- **Source material**
════════════════
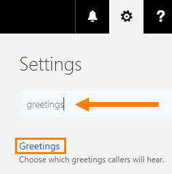In the top right, click or tap gear icon and enter Greetings in the search box under Settings.
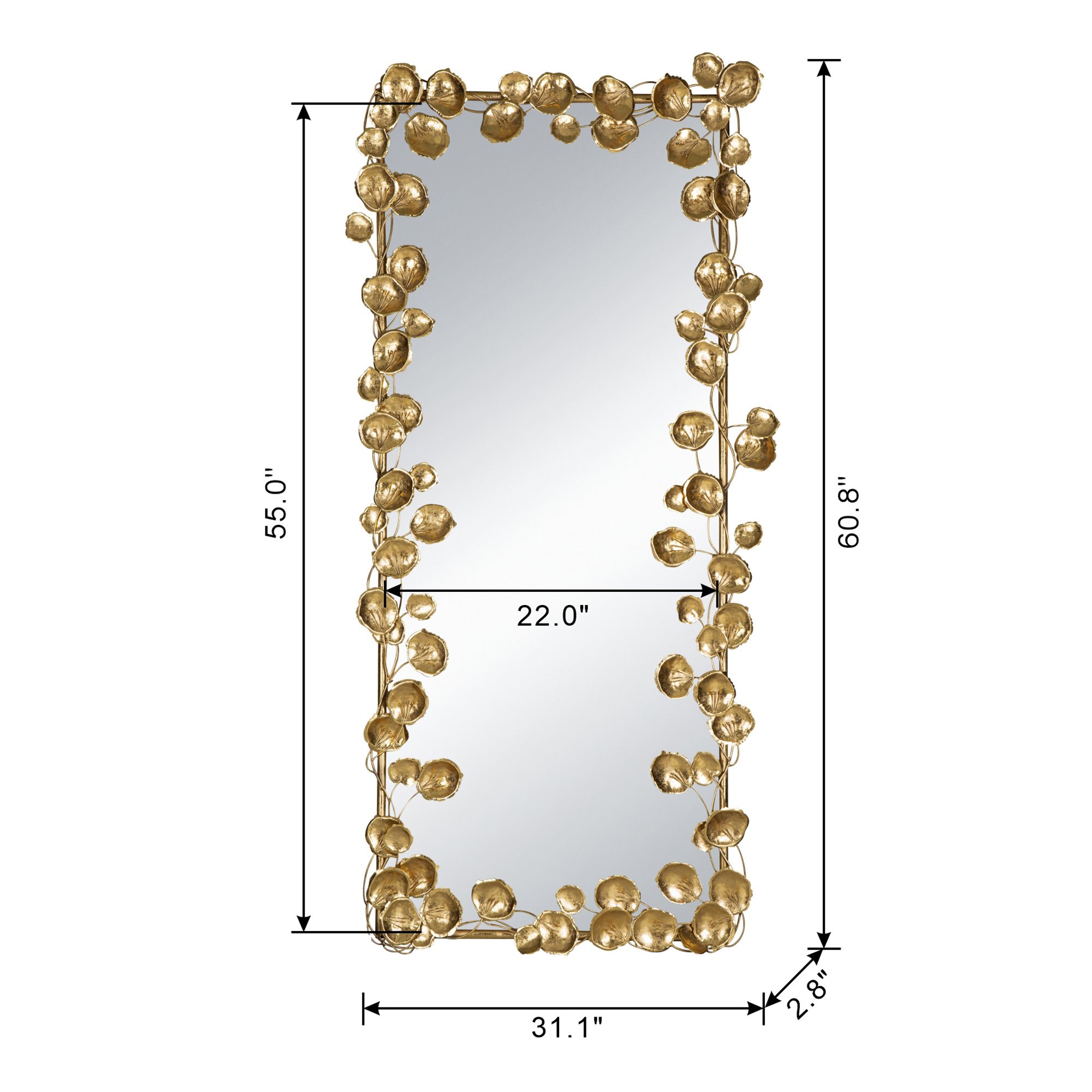 With its grand rectangle silhouette, solid iron and eco-friendly MDF wood construction, and playful golden leaf accents, this decorative full-length mirror will infuse your space with an eye-catching whimsy. Measuring a large 61H x 31W x 3D, it will easily capture your whole reflection while also adding a burst of fun to your daily routine.
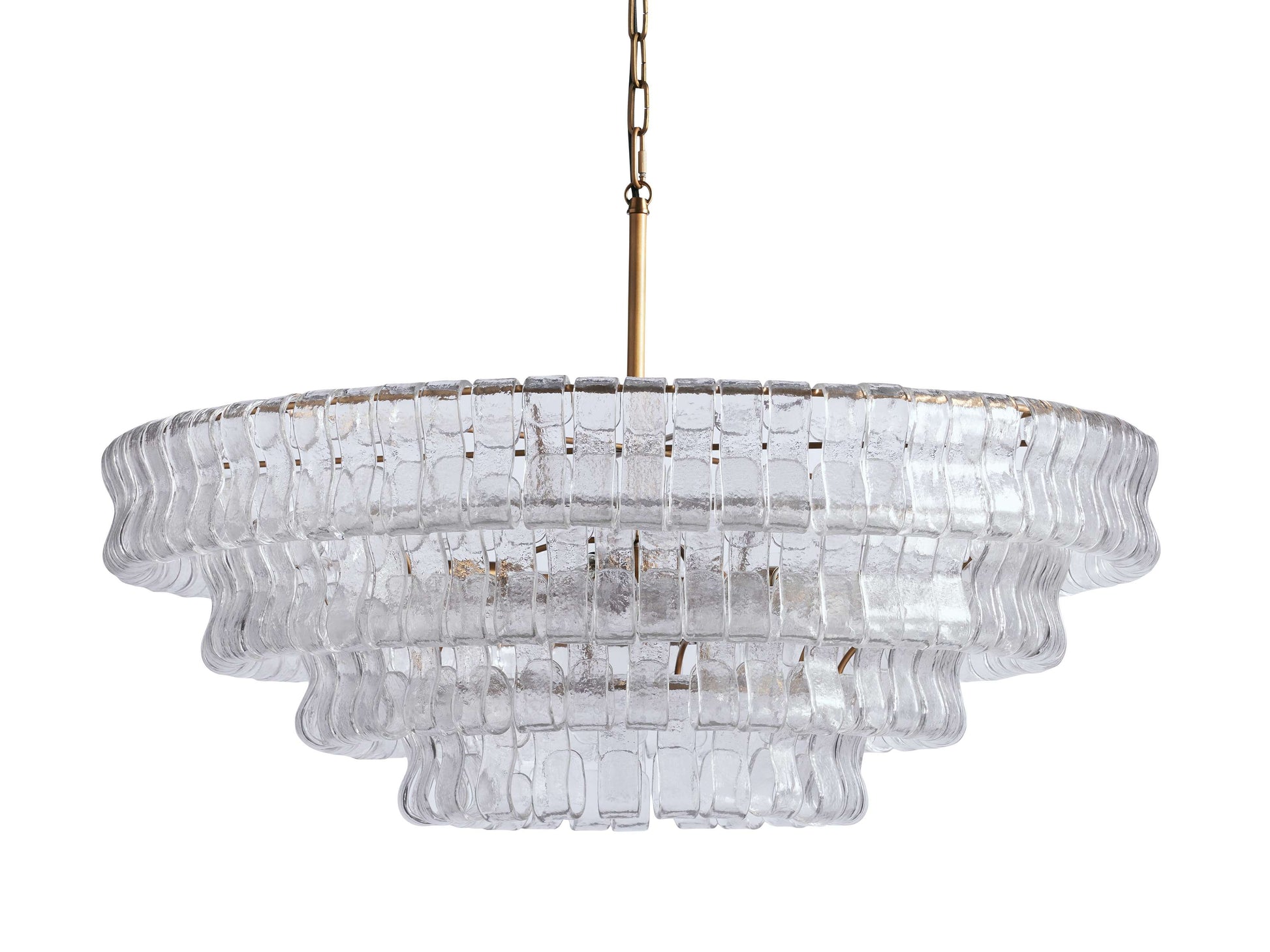 Inspired by renowned Italian glass, our Ghiaccio Collection features chandeliers that artfully diffuse light through curved, textured glass pieces. Complemented by a plated-brass finish, Ghiaccio elegantly illuminates any room.
════════════════
- **What this task involves**
Transcribe the listing exactly; omit all images.

- **Reply**
In the top right, click or tap gear icon and enter Greetings in the search box under Settings.
 With its grand rectangle silhouette, solid iron and eco-friendly MDF wood construction, and playful golden leaf accents, this decorative full-length mirror will infuse your space with an eye-catching whimsy. Measuring a large 61H x 31W x 3D, it will easily capture your whole reflection while also adding a burst of fun to your daily routine.
 Inspired by renowned Italian glass, our Ghiaccio Collection features chandeliers that artfully diffuse light through curved, textured glass pieces. Complemented by a plated-brass finish, Ghiaccio elegantly illuminates any room.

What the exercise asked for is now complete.